Possibly. I think certainly the look and the costume… People would compare me all the time, “Oh, she’s doing Morticia Addams. Oh, she’s doing Vampira.” Yeah, I’m wearing black. I’m a spooky gal, what color are you gonna wear? Even then, in the ‘80s, we made the whole character a little bit edgier. It was kind of a ‘50s idea with an ‘80s, edgy look. We had the little leather brace. I had the big, giant hairdo. I had super, super sexy, much edgier costume than Morticia or Vampira, and tried to take that image and put a modern spin on it.

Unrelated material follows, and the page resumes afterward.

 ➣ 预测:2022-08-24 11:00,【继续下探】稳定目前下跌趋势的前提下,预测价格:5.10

And I wanted to keep the look the same way. I liken it to Superman or Batman, you change it just ever so slightly, but you don’t take away the parts of it that people really connect with, which would be the cleavage and the hair. Elvira without those two things would not be Elvira. Now, we’re not changing the look so much, but changing content-wise; this Hulu show is definitely a little bit more edgy and fun. It was written by the first writer who ever wrote my stuff, John Paragon, who was from The Groundlings and also plays Jambi the Genie in Pee Wee’s Playhouse and he also was the director of Pee Wee’s Playhouse [Paragon also plays longtime Movie Macabre character “The Breather”]. He wrote it and hasn’t written with me for a long, long time. He came back to do this show. It’s really fresh and a lot more 2014 than anything I’ve done before.

What non-Elvira role has been your favorite?

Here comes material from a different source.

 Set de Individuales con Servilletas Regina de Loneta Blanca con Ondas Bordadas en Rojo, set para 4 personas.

I don’t do many roles, mostly because of time and only if someone calls me up and asks me to do it. I don’t go on interviews, I don’t have an agent. I don’t pursue that. My favorite role, however, that I felt was a really, really fun, different, unusual movie has got to be one I did for my friend Joshua Grannell, aka Peaches Christ: All About Evil.

It’s great to have a gay concept horror film. I liken him to William Castle meets John Waters. [It was] something completely different and I love that I play the only, truly straight character in the movie. I rarely play a normal person! It was fun and also kind of scary, for me. It was something I really hadn’t done before.

What’s the wildest place Elvira has taken you?

Oh my god. It’s crazy the things you end up doing; appearing on Saturday Night Live, being in my own float in the Rose Parade; ringing the closing bell for the New York Stock Exchange, that was pretty bizarre. The kind of things you think about, like meeting Michael Jackson at the Grammy Awards. Introducing bands back in the day like Mötley Crue and White Zombie. I’m always kind of slapping myself, going “Is this for real?”

For much more on Elvira, visit Elvira.com and The Real Elvira on Twitter. You can also pick up her Halloween 7”, Two Big Pumpkins, whose B-side, 13 Nights of Halloween, was written by Fred Schneider of the B-52’s.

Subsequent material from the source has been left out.